Assignment: Every line of the listing should be retyped exactly, but none of the pictures should be.
Data START
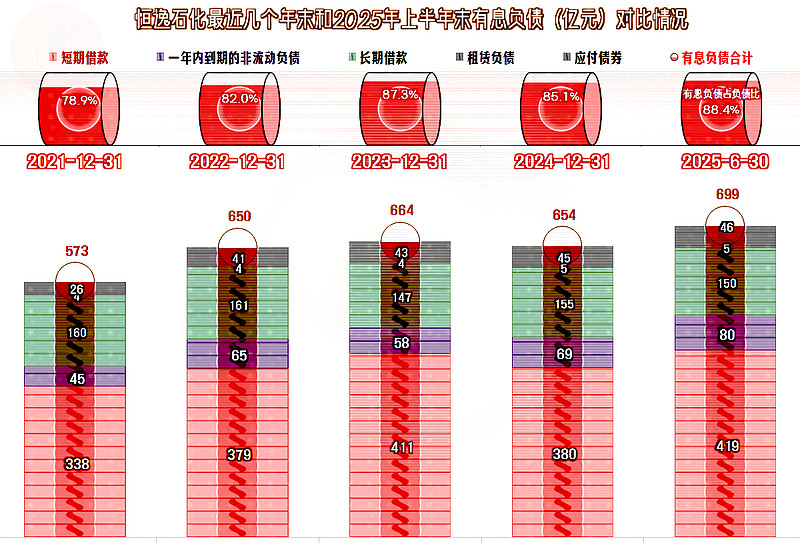 恒逸石化的有息负债近700亿元,总体上呈增长趋势。2024年的财务费用下降,部分原因是有息负债规模略有下降,更大的原因可能是融资成本,也就是市场利率有所下降。但是,2025年上半年末的有息负债又恢复增长了,虽然和两大同行的负债水平比,恒逸石化的有息负债只是别人的零头,但其资产规模等也更小,仍然是极重的财务负担。
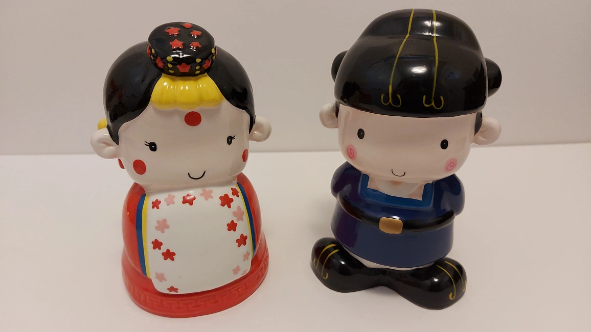 Ceramic coin bank set of a Korean couple, in colourful traditional clothing. Frottis brand from Korea. Both have a slot on the back for inserting coins. Good condition. Wife figurine has slight blemish on hair bun seen in pic. Dimensions are approximately: Groom 6.5 inches x 4 inches x 3 inches and Bride 6.5 inches x 3.75 inches x 3.75 inches
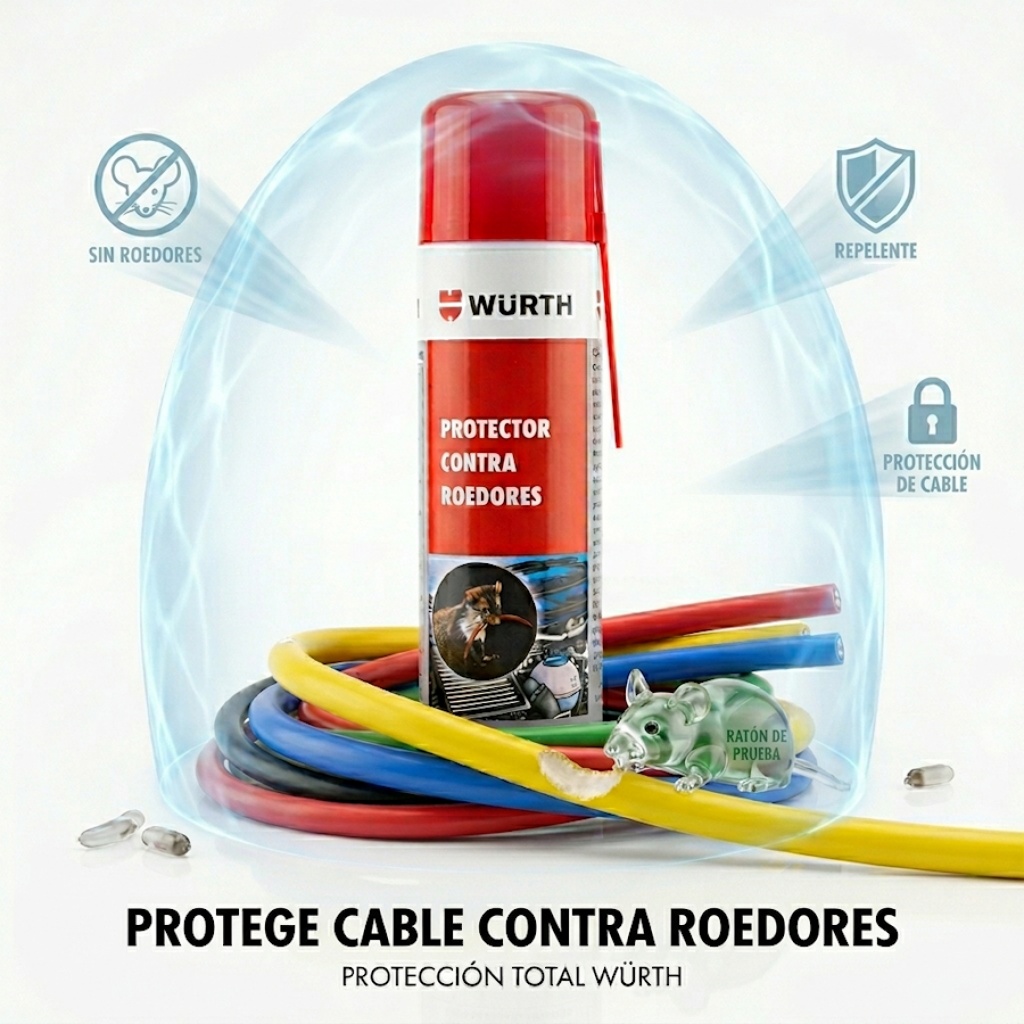 Protegé cables, mangueras, plásticos y componentes eléctricos con el repelente de roedores Wurth.
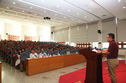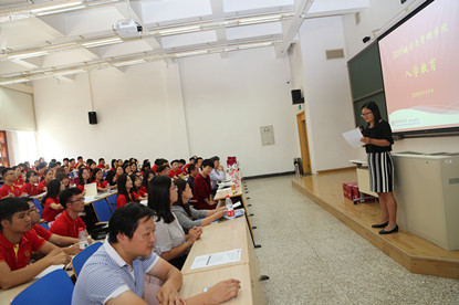 最后,MBA教育管理中心主任许健向同学们介绍了未来两年的学习生涯概貌、MBA教学管理制度及近期主要活动。许老师的发言晓之以理,动之以情,从学习到生活,从上课到论文,从选课到职业规划,方方面面,非常详尽。在许老师的感染下,现场气氛十分热烈,其诙谐幽默的语言赢得了同学们阵阵掌声。
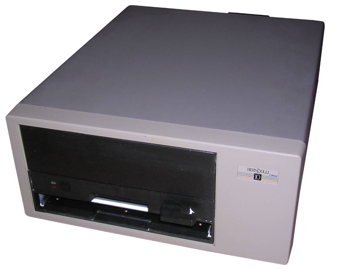 IOMega was a company famous of their Zip and JAZ drives, which allowed to store large amounts of data on a portable media. However, they haven't started with ZIP - the first IOMega product was called Bernoulli Box. Released in 1983, the Bernoulli box was a high-capacity magnetic drive with removable disk cartridges. It was 8-inch and allowed to store 10MB of data on an elastic platter in hardened cartridge. The principle of operation was revolutionary as of its time - instead of heads having constant contact with a disc, the Bernoulli disks used a cushion of air to maintain head right above the surface. This phenomenon, working on Bernoulli's principle, gave the name to the drive. The heads were loadable, and while hard drives used a contact heads with servo motors, Bernoulli drive used flying heads with voice coil mechanism, giving better tracking precision by using feedback to position the head over track.
Data END
Response to the task:
 恒逸石化的有息负债近700亿元,总体上呈增长趋势。2024年的财务费用下降,部分原因是有息负债规模略有下降,更大的原因可能是融资成本,也就是市场利率有所下降。但是,2025年上半年末的有息负债又恢复增长了,虽然和两大同行的负债水平比,恒逸石化的有息负债只是别人的零头,但其资产规模等也更小,仍然是极重的财务负担。
 Ceramic coin bank set of a Korean couple, in colourful traditional clothing. Frottis brand from Korea. Both have a slot on the back for inserting coins. Good condition. Wife figurine has slight blemish on hair bun seen in pic. Dimensions are approximately: Groom 6.5 inches x 4 inches x 3 inches and Bride 6.5 inches x 3.75 inches x 3.75 inches
 Protegé cables, mangueras, plásticos y componentes eléctricos con el repelente de roedores Wurth.
 最后,MBA教育管理中心主任许健向同学们介绍了未来两年的学习生涯概貌、MBA教学管理制度及近期主要活动。许老师的发言晓之以理,动之以情,从学习到生活,从上课到论文,从选课到职业规划,方方面面,非常详尽。在许老师的感染下,现场气氛十分热烈,其诙谐幽默的语言赢得了同学们阵阵掌声。
 IOMega was a company famous of their Zip and JAZ drives, which allowed to store large amounts of data on a portable media. However, they haven't started with ZIP - the first IOMega product was called Bernoulli Box. Released in 1983, the Bernoulli box was a high-capacity magnetic drive with removable disk cartridges. It was 8-inch and allowed to store 10MB of data on an elastic platter in hardened cartridge. The principle of operation was revolutionary as of its time - instead of heads having constant contact with a disc, the Bernoulli disks used a cushion of air to maintain head right above the surface. This phenomenon, working on Bernoulli's principle, gave the name to the drive. The heads were loadable, and while hard drives used a contact heads with servo motors, Bernoulli drive used flying heads with voice coil mechanism, giving better tracking precision by using feedback to position the head over track.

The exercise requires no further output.